JamesMorrison wrote:The Bush administration's initial argument for Saddam's ouster was a plausible belief that Saddam still possessed WMD. All major western national intelligence services agreed with this scenario.
Nonsense. At no point was there agreement that the remote risk of Saddam being
in possession of WMD warranted a war of aggression against Iraq.
Western intelligence services actually warned their American counterparts that their administration, in making the case for an invasion of Iraq, was relying on highly doubtful or even discredited intelligence. The German Federal Intelligence Service warned the US Government that the claims of "Curveball" about mobile Iraqi WMD labs were highly questionable, that the guy was regarded as "crazy ... out of control", as a "congenital liar." Nevertheless, his claims ended up in Bush's speeches as well as Powell's presentation to the UN Security Council.
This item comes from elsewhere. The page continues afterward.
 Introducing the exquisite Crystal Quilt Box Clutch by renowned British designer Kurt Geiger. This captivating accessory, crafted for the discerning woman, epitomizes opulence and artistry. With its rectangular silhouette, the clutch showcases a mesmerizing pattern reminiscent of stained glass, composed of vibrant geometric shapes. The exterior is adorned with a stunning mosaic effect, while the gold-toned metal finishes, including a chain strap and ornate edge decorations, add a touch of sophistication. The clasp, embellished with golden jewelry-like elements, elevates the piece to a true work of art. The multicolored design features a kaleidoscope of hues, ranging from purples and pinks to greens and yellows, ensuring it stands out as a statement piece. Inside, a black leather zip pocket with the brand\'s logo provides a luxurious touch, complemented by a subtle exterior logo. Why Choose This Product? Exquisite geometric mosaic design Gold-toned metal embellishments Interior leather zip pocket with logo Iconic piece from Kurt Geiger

Same with the Niger yellowcake forgeries. European intelligence services had doubts about the authenticity from the beginning (as did the CIA). In 2003, the IAEA finally determined that the determine that the documents were fake - crude forgeries that even contained blunt mistakes like incorrect names of Nigerian officials. Nevertheless, those claims ended up in Bush's State of the Union address.
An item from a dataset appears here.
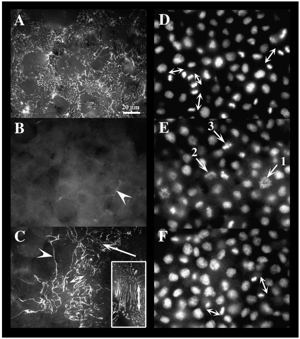 more branching (arrow) and groups of parallel fibrils (double arrow and inset). (D) Nuclei staining of control cells reveals anaphase figures exclusively in the
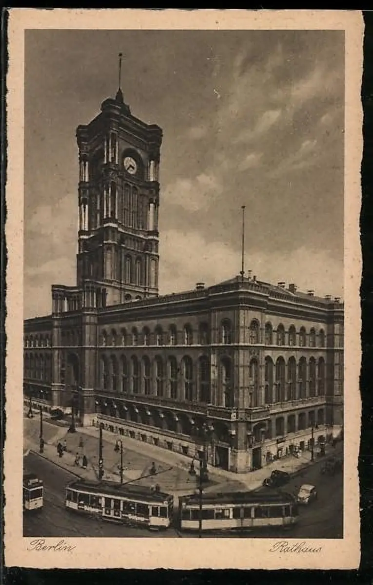 AK Berlin, Strassenbahn passiert Rathaus

Maybe you'll also remember the Security Conference in Munich, right before the US invasion, in 2003. Germany's foreign minister, Joschka Fischer, even broke the protocol to address Secretary of Defense Donald Rumsfeld personally, saying, in English: "You have to make the case in a democracy. You have to be convinced yourself, and excuse me, I am not convinced. [...] This is the problem, you can't go to the public when you don't believe in this."
Doesn't sound as if the intelligence he had made it plausible that "that Saddam still possessed WMD."
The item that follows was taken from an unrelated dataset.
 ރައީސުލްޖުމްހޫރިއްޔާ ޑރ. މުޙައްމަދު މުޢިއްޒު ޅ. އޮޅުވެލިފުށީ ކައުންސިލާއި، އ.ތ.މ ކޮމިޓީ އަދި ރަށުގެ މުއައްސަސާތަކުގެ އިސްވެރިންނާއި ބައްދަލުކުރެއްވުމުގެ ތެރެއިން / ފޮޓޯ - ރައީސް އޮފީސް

I mean, you can believe in whatever you think is the reason for the Bush administration to tell the American public that they knew exactly that Saddam was in possession of WMD, and even knew the location of where they were hidden. You can believe that they willfully lied to the American public, that they knowingly left out information that would have shown the claims to be wrong, or that the CIA was completely incompetent and failed to reach the conclusions that other intelligence services apparently had reached. But claiming that "all major western national intelligence services" were agreeing that Saddam was still in possession of WMD - that's just ridiculous.